**INPUT DATA**
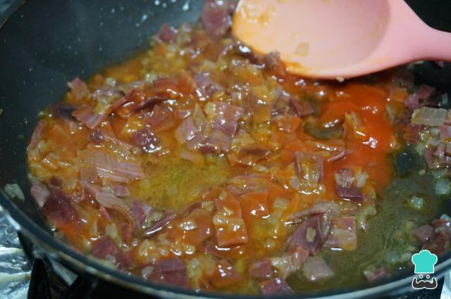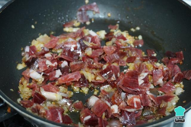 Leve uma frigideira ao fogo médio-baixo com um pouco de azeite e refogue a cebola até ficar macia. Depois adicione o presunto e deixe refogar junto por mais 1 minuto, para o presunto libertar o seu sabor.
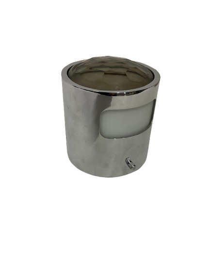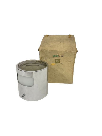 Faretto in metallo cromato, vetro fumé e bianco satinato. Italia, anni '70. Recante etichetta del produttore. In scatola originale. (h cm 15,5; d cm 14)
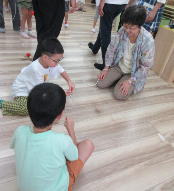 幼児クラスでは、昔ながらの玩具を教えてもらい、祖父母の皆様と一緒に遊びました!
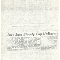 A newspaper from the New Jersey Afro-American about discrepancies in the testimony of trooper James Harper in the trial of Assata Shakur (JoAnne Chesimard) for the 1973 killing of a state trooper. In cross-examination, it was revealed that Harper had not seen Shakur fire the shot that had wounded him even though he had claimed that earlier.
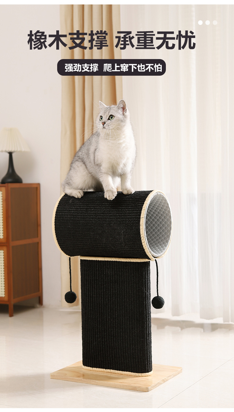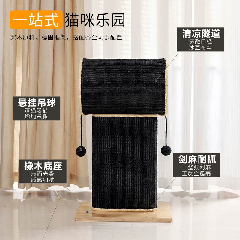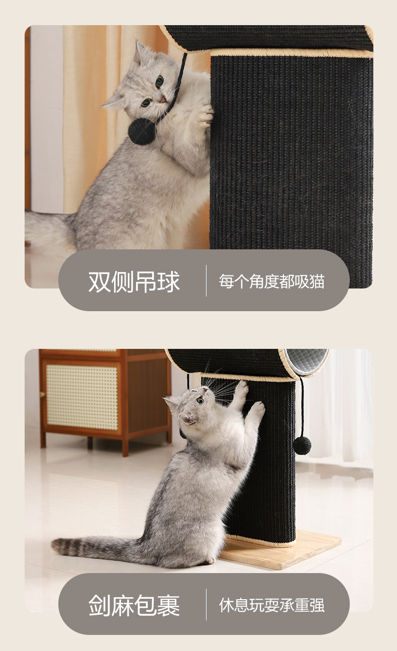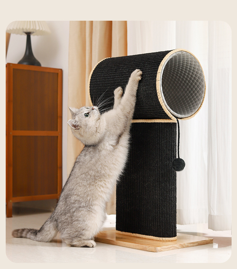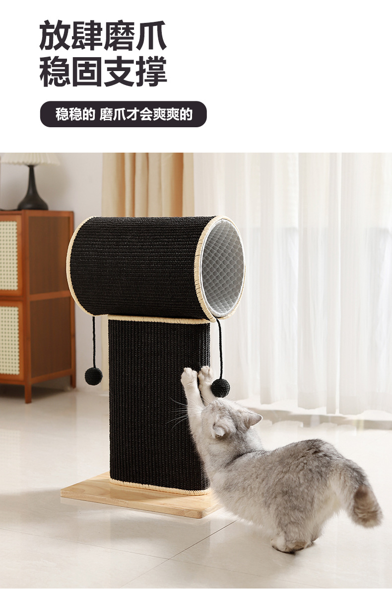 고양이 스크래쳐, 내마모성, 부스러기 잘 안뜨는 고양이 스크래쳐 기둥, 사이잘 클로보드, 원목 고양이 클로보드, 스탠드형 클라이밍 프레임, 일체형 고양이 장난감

* * *

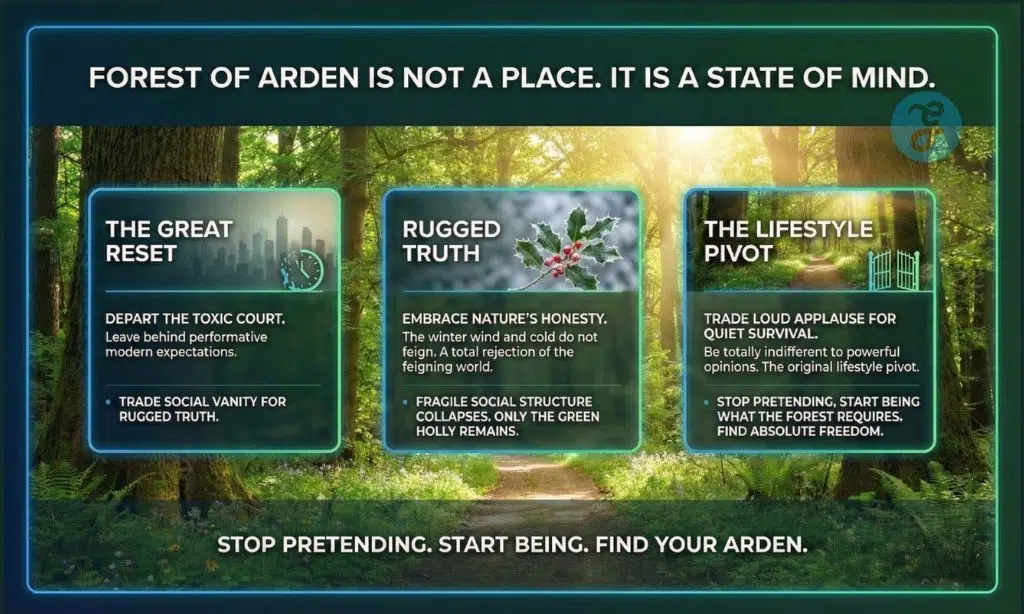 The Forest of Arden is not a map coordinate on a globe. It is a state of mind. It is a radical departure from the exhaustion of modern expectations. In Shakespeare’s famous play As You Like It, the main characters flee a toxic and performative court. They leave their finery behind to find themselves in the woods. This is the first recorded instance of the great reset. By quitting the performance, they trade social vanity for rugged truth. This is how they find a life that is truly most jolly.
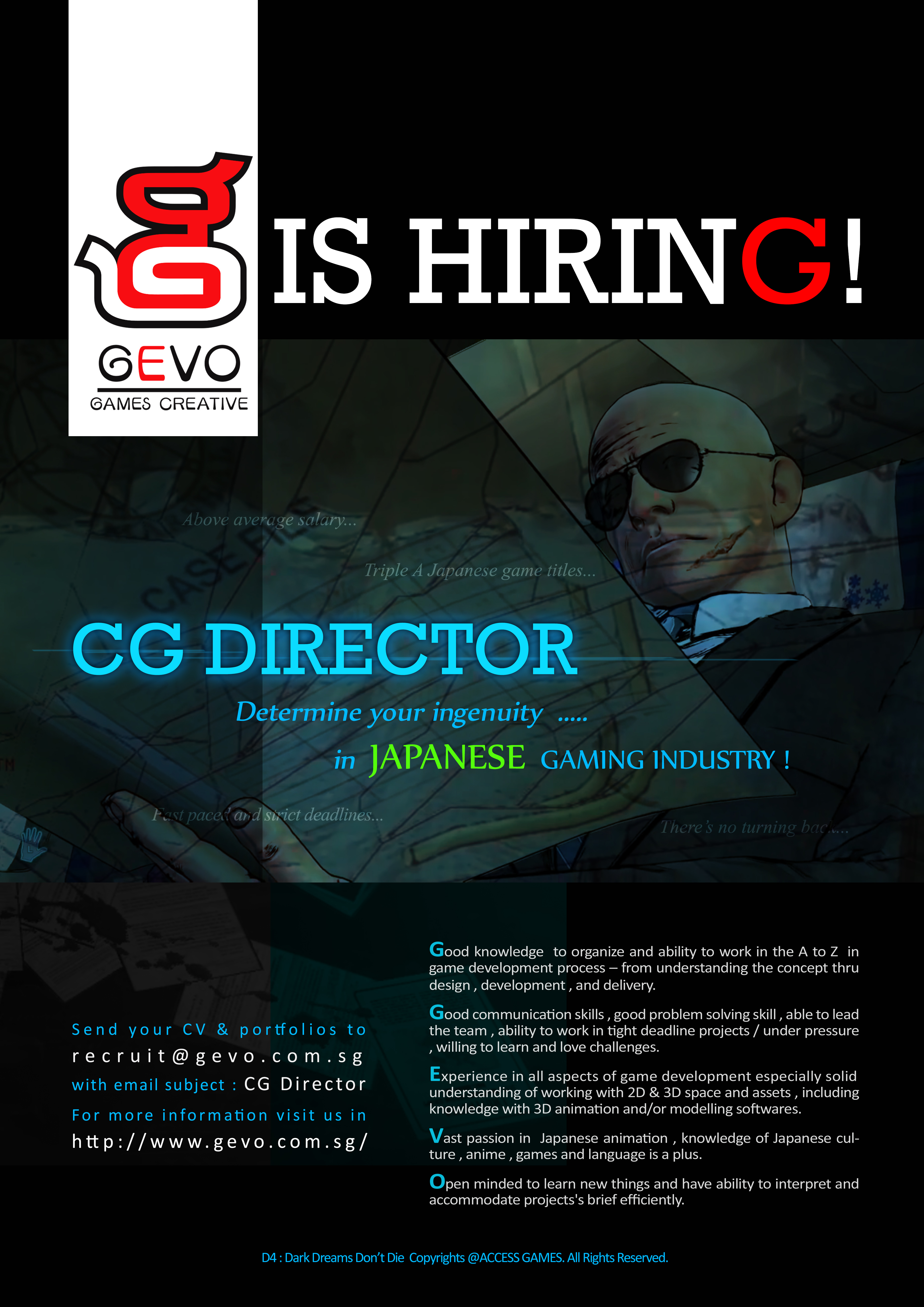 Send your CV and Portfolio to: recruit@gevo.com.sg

**WHAT NEEDS TO BE DONE**
Start with the line with "幼児クラスでは、昔ながらの玩具を教えてもらい、祖父母の皆様と一緒に遊びました!" in the listing above and stop after the line with "고양이 스크래쳐, 내마모성, 부스러기". Write out exactly the lines in that stretch and no others, without pictures.

**OUTPUT**
 幼児クラスでは、昔ながらの玩具を教えてもらい、祖父母の皆様と一緒に遊びました!
 A newspaper from the New Jersey Afro-American about discrepancies in the testimony of trooper James Harper in the trial of Assata Shakur (JoAnne Chesimard) for the 1973 killing of a state trooper. In cross-examination, it was revealed that Harper had not seen Shakur fire the shot that had wounded him even though he had claimed that earlier.
 고양이 스크래쳐, 내마모성, 부스러기 잘 안뜨는 고양이 스크래쳐 기둥, 사이잘 클로보드, 원목 고양이 클로보드, 스탠드형 클라이밍 프레임, 일체형 고양이 장난감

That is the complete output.